Once you’ve created a story to explain an unconscious decision, that story is hard to shake, and we believe the stories we tell ourselves and others.
Sometimes our stories are just inaccurate. Other times, they actually harm our ability to make smart decisions.
Antidotes to the “Narrative Fallacy”
Gladwell’s suggestion that you avoid explaining your decisions is easier said than done, and Blink doesn’t offer further advice. However, Daniel Kahneman (Thinking, Fast and Slow) does offer some strategies for countering the narrative fallacy:
1. Discover the flimsiness of your explanation by applying it to other outcomes.
In some situations, an identical explanation can be applied to both possible outcomes.

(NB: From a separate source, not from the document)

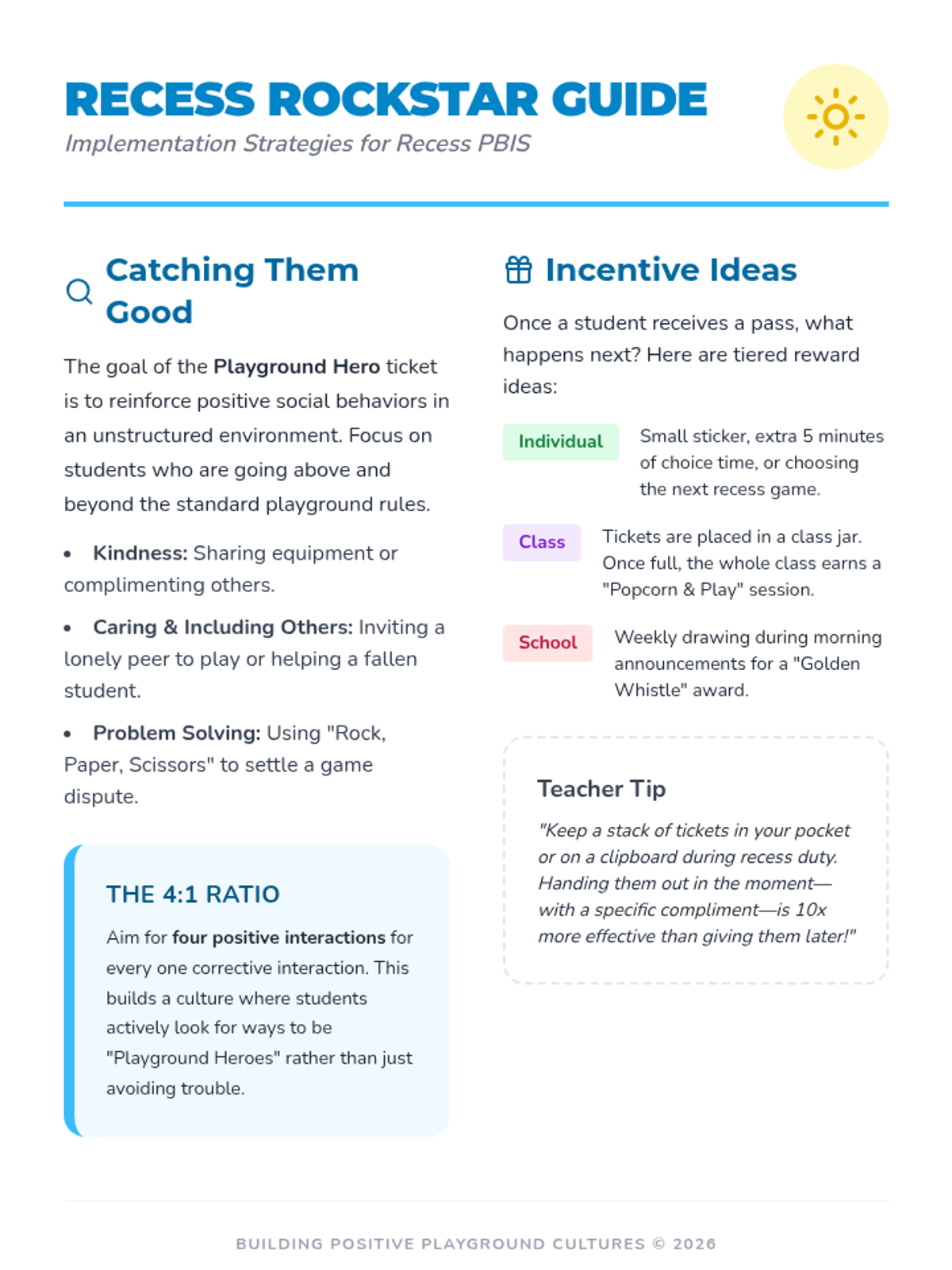 A PBIS-focused lesson set designed to promote positive behavior during recess, including printable incentive tickets and a guide for consistent implementation by school staff.

For example:
– During a day of stock market trading, an event might happen, like the Federal Reserve System lowering interest rates. If the stock market goes up, people say that the lower interest rates have emboldened investors. If the stock market goes down, people say that investors were expecting the interest rate change, or perhaps that the market had already priced it in. The fact that the same explanation (changing interest rates) can be given, regardless of whether the market moves up or down, means that it’s likely a bad explanation with no predictive power.
2. Be wary of highly consistent patterns in your own narratives and those of others.
– For example, management literature profiles the rise and fall of companies, attributing company growth to key decisions and leadership styles, even the childhood traits of founders. These stories ignore all the other things that didn’t happen that could have caused the company to fail (and that did happen to the many failed companies that aren’t profiled—survivorship bias). Ignoring this, the stories are presented as inevitabilities.
Look out for highly consistent patterns that emergefrom comparing more successful and less successful examples. You don’t know lots of things—whether the samples were cherry-picked, whether the failed results were excluded from the dataset, and other experimental tricks.
Be wary of people who declare very high confidence around their explanation. This indicates only that they’ve constructed a coherent story, not necessarily that the story is true.